16 Kasım 2013 Cumartesi

17 Kasım 2013, Boğa Burcu’nda DOLUNAY … Hayaletli Kuleyi Terk Etme Zamanı

BY NICOLETTA TOMAS CARAVIA

DOLUNAY bir Güneş – Ay karşıtlığıdır… Güneş ruhumuzdan yansıyan ve hayat yolumuzu aydınlatan ışık, Ay ise aklımızı çelen ve bizi kendi merkezimizde olmaktan ala koyan bir cazibe odağıdır! Etrafımızda dönen bir uydudur ama onun burçtan burca girişleriyle dönüp duran bizim başımızdır :) DOLUNAY, Ay’ın yanıltıcı cazibesinin en yüksek olduğu ve bizim varlık bilincimize meydan okuduğu bir zamandır… O yüzden her DOLUNAY evresi, yanılsamalarla dolu bir vadidir… Beden ve ruh, akıl ve duygu, şiddet ve şefkat, korku ve cesaret arasında DENGE kurmayı bize öğreten bir sınavdır.

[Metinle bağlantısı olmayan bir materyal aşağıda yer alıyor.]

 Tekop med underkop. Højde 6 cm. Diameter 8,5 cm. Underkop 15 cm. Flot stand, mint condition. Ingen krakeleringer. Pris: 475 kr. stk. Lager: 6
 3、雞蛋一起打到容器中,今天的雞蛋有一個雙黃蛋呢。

17 Kasım günü, İstanbul saatiyle 17:16′da, 2013′ün Tutulmalar Çemberi’ni kapatan bir Dolunay yaşayacağız. Bu Dolunay Merkür Retrosu’nun gölgesini temizleyecek. Ardından Chiron’un düze çıkması ve 21 Kasımda Güneş’in Yay Burcu’na girmesiyle, gökler Akrep’in gotik iklimine elveda demiş olacaklar :)

Bu DOLUNAY bizim için de, içimizdeki ”Hayaletli Kule”yi terk etme zamanı olabilir!
DOLUNAY haritasında AY, elindekileri kaybetmekten korkan, var olana tutunan, elle tutulabilir ve gözle görülebilir olanı bilinmeyene yeğ tutan Boğa Burcu’nda. Ama yerleşimi 12 Ev’de… Ve ALGOL sabit yıldızı ile kavuşumda.

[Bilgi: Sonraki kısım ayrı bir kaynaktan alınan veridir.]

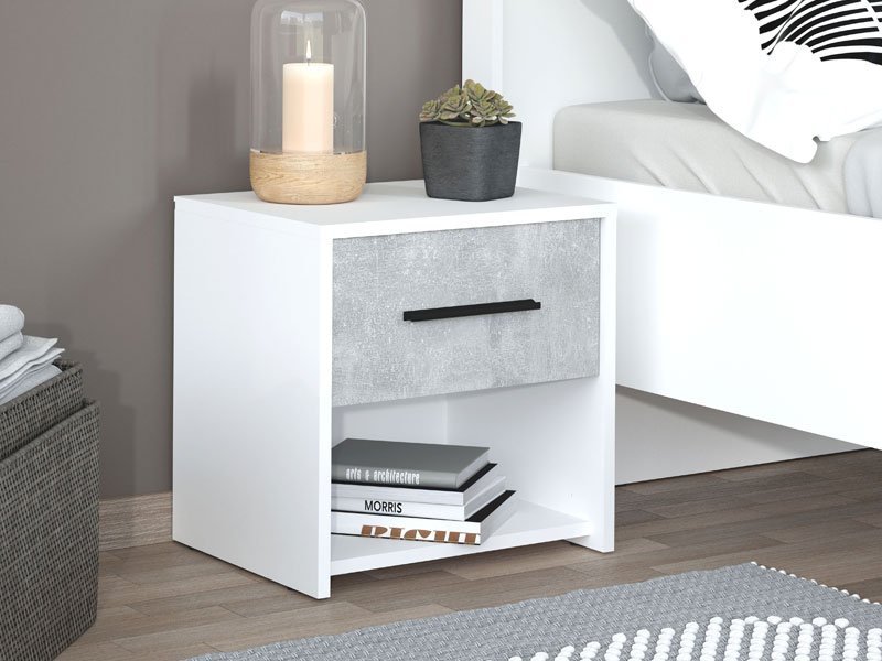 Noćni ormarić VARADERO 2NO1F, u dekoru opak bele i betona, deo je istoimene kolekcije elemenata dečije sobe. Idealna je dopuna spavaćem krevetu i doprinosi praktičnom uređenju ambijenta. *Napomena: Cena je za paket od dva noćna ormarića.

12′inci EV; Geçmişten gelen ve ömrü dolmuş oluşumlar, hayaller, yanılsamalar, bilinçaltı korkular, depresif haller, zihinsel rahatsızlıklar ya da görünürde fiziksel olsa da kökeni bastırılmış duygusal sorunlara dayanan hastalıklar, yoksunluk bilinci, yasak ilişkiler, gizli eğilimler ya da gizli tutulan tercihler, bilinçli yalanlar ya da bilinçsizce oluşmuş yanlış anlaşmalar, engellenmişlik hissi, kurban psikolojisi ve yok olma pahasına yapılan fedakarlığı temsil eder.

ALGOL ise Medusa’nın kesik başı, ya da Lilith’in kafası olarak bilinen bir sabit yıldızdır. Medusa bakışlarıyla insanı taşa çeviren bir mitolojik figürdür. Kişisel haritalarda görüldüğü zaman klasik astrologlar tarafından kafası kesilerek öldürülme gibi feci sonlara delalet olarak görülse de, ALGOL modern çağda, bizi hareketsiz bırakan, gelişimimizi engelleyen, hayat gücümüzü tüketen, bizi anlamsızca esir eden, bu nedenle de kafası kesilip atılması yani temelli kurtulunması gereken unsurları temsil eder.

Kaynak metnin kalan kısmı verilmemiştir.